You can also get data even just from your photo gallery, or looking at your videos. Who is in them? How long are the videos? Where and when were they filmed?
With digital data, you can have a huge wealth of it at your fingertips in mere moments!
Analog Data Examples:
It’s likely that all of you taking this course had a digital example of data that you could think of. But data isn’t merely digital, and in fact digital data is still relatively new in comparison! Even things that you wouldn’t expect at first glance, can be considered data.
No matter where you are, whether it’s working from home, working in an office, or even taking this course in a library or coffee shop, there is data that can be seen and understood around you. Look around your surroundings for things that could be data.
If you are working at home in either a home office or converted room, most likely you have several books or textbooks for school, work or leisure that you own. What data points can you get from those books?

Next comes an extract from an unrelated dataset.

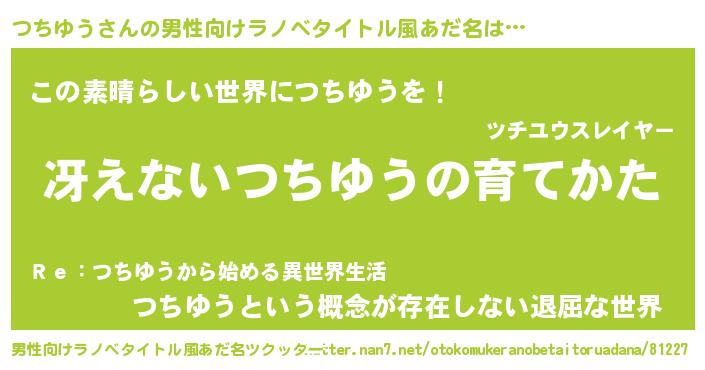 | 意味不明あだ名 | 『住所不定無職つちゆう(89歳)』 |

If you’re in an office there are likely other cubicles, computers or people around you, and they can be just as much data as books might be. Finally, even when in a coffee shop there is data everywhere, such as prices of various drinks and snacks, stock amount, even things like cook time for each different pastry, or number of people in the store each hour.

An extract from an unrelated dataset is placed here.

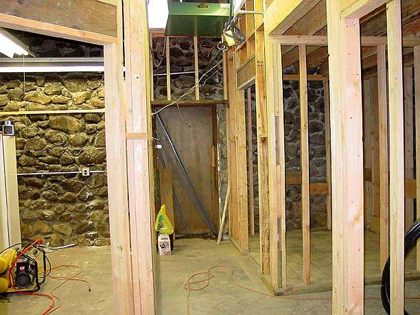was a chimney that served no purpose and had to come down. Next we had to pour a new floor for the bathroom because the concrete was not level in that area. In order for cement to adhere properly it should be poured on a clean surface so that it can bond to the existing concrete. Creating that bond was impossible -- the floor had been painted! Arno tried everything to get the paint off, but it wouldn't lift no matter what! The only solution was for the two of us to sit on the floor with a hammer and chisel and chip away the paint inch by inch! The framework for the bathroom floor -- ready for cement. Bathroom floor poured, tiles laid, grout in and wall studs up! You'll notice that there appears to be a space behind the bath. That area will be for an all purpose sink in the L shaped kitchenette. Here you are standing in the main framing room looking down the hall and facing the end wall with an emergency exit. The handicapped accessible bathroom, kitchenette and framing room 2 are on your right. Furnace 2 and tool room are on your left. To see the most recent renovation photos, close this page and click on Interior Renovation - January 2007. |

Consider your surroundings. Is there another collection of objects that could provide data points, beyond the examples mentioned here? Why do you think so? What data do they provide?
Our Answer: Consider a purse, backpack or bag. The items inside can tell you a lot of data about a person, and some items individually might also be datasets. Such as a receipt from a store, which contains the data of what item was bought, what price it cost, often the date and time of transaction, the name of the cashier and any coupons or deals. The receipt itself would be just one data point when considering everything that could be in a bag, which would offer information such as, where does a person shop, what do they normally carry with them (laptop, book, snacks), do they carry physical money, or only cards? And these are just some of the possible answers!
Let’s take it even further, going back to our original example of books in one’s room. The following is an example answer of possible data points from a collection of objects, specifically on books that a person might have in their room.
There are quite a number of different data points that could be gathered from books. There is the physical size of the books, such as A5, pocket size, or letter size to name a few. There are also distinctions between the type of book, (textbook, hardback, paperback, trade paperback), the number of pages, the cost of each book, or the subject. There are even more data points beyond the examples listed here that can be found from just a few books! What do you think those data points are? Come up with a few that aren’t listed here on your own.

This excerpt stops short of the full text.